They are potentially much more serious and the motivation for this kind of offenses is not to impose harm on others but rather to gain a financial advantage. They are not predatory crimes. Indeed the offenders would prefer that, no one be physically harmed because the lack of obvious physical harm makes it easier to conceal the offense. However, if the crimes come to light and brought into court, the offenders can reasonably claim that they never intended to harm anyone.

The criminal enforcement is rare especially for the white collar crimes committed in organizational settings. When legal actions do occur, they are usually initiated by administrative agencies which do not present a significant problem to the organizations. Even before the legal measures are taken, companies are usually given a considerable notice of their violations. For example, for food producers, they may be asked to modify their advertising claims or to withdraw their product. Court action is only taken as a last resort.

Organizations also hide their offenses within the businesses, making their discovery especially difficult. For instance, W. R. Grace Corporation dumped toxic wastes on land that it owned. The waste products eventually had filtered into the groundwater and from there into the homes and bodies of the people and caused leukemia on children.
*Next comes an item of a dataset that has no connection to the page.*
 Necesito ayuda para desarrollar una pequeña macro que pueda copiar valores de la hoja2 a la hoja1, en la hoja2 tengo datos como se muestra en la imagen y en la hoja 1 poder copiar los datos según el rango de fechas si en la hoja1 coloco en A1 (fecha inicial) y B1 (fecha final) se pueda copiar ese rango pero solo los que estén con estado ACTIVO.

There were no obvious signs that the company appears to be doing something wrong from the outside. The offense is shielded from the scrutiny of outsiders. Unless and until something obviously bad happens, the only way in which the offense is going to be discovered is through either a regulatory inspection or a complaint by an inside whistleblowers. On the other hand, the victims of organizational white collar crime may be either powerless to do anything about it or, not aware that they are being exposed to a hazardous substance or workplace condition. Workers may be powerless simply because they have no other employment opportunities or a firm also may purposively keep knowledge about toxic exposure and its consequences from employees, in some cases referring workers to company doctors who dismiss illnesses.
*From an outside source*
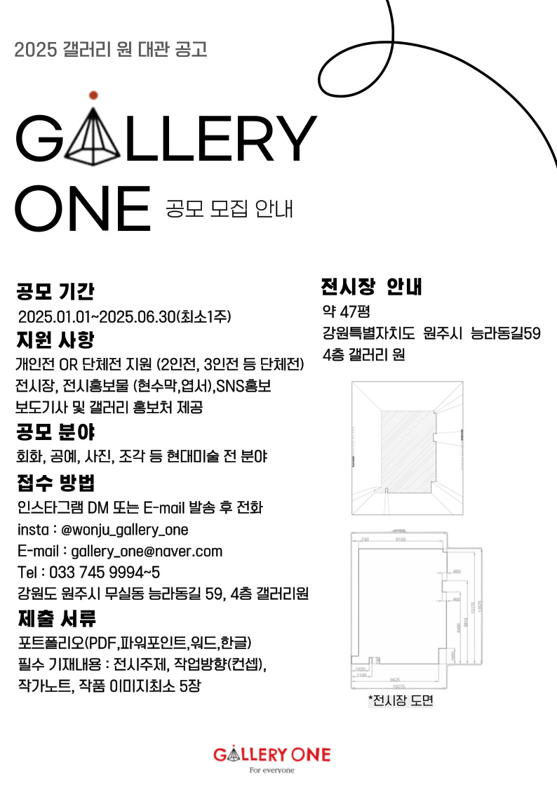 갤러리 원(GALLERY ONE)에서 2025년 상반기 공모전 모집을 진행 하오니

In order to insure profits at a minimum of expense, corporations willfully engage in crime. Once these systematic crimes become normal operating procedure, they are not the responsibility of any one individual in the corporation. On the other hand, when crimes discovered by agencies, different from the traditional offenders, they show surprise and indignation, and try to prove that they are concerned about the problem. Can a murderer say that he was working on his problem or that he was making considerable progress in finding ways to control his behavior after committing his act? The violent offender has no right to show surprise that his conduct is being questioned. But the criminal corporation seems to have this right.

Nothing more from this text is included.